Coordinating policies and efforts to support and mitigate the impact on the permanently employed workforce and the gig economy:
This speaks entirely to protecting business and its employees from destruction. Taking care of business interests is also critical. There is little sense in ensuring that full-time employees stay employed, in a business that no longer exists, so structuring employment and team strategies must be done with business longevity in mind. 

It is a balancing act; one that will take a great deal of thought, planning, and analysis. 

2. New ways of communicating
Monitor, adapt, and adjust – and embrace the gig economy
Nobody reasonable can expect to know what tomorrow will bring, so careful monitoring is required. If our workplace strategies need to change, we need to consider how to facilitate this change with the least upheaval and negative impact possible. Digital transformation, change management planning, and risk mitigation must play equal roles.  

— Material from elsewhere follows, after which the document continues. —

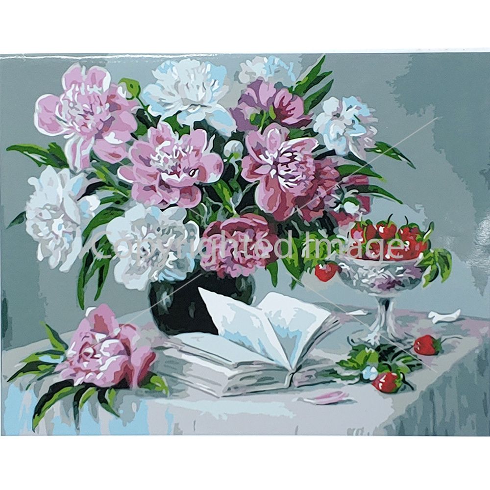 Картина за номерами Strateg ПРЕМІУМ Піони та полуниці розміром 40х50 см (GS024)

…careful monitoring of the direct and indirect effects of all interventions are crucial to ensure policy responses are and stay relevant. – ILO Monitor 1st Edition 


Keeping a vision in mind can be difficult when so much change and re-shuffling is going on, so working out your best-case scenario with worst-case controls is necessary. This means that a restructuring phase is unavoidable, and working out the mechanics of building a complement of gig-workers and permanent employees who drive the business strategy and achieve objectives as a cohesive unit should be a number 1 priority. 

Sherisa Rajah, a labour lawyer and consultant to the South African Presidential Commission on 4IR, suggests an ongoing assessment using real-time intelligence, which means embracing being a learning organisation, and developing a “culture of shorter feedback loops to employees and generally, learning from this to effect a culture of change and to pivot in response, as the case may be.” 

Changing how we interact
Remote working relies on a state of faith and trust, as Sherisa Rajah mentions in the reference above:


This relies on your business developing “the skills to manage remote workers, adopt and adapt the platforms for remote work and look at the tools of the trade to support remote work”. 


If businesses are going to survive the immediate and future impacts of the COVID-19 pandemic, the gig economy model is one to emulate. Simple selection and hiring, effective workforce engagement, agile and variable teams, and driving task-based outcomes will subsume the current, static workplace culture. 

The old adage is true: teamwork makes the dream work. What’s new? Now, gig work makes the team work, the flexibility of the gig economy can make businesses work harder, better, faster.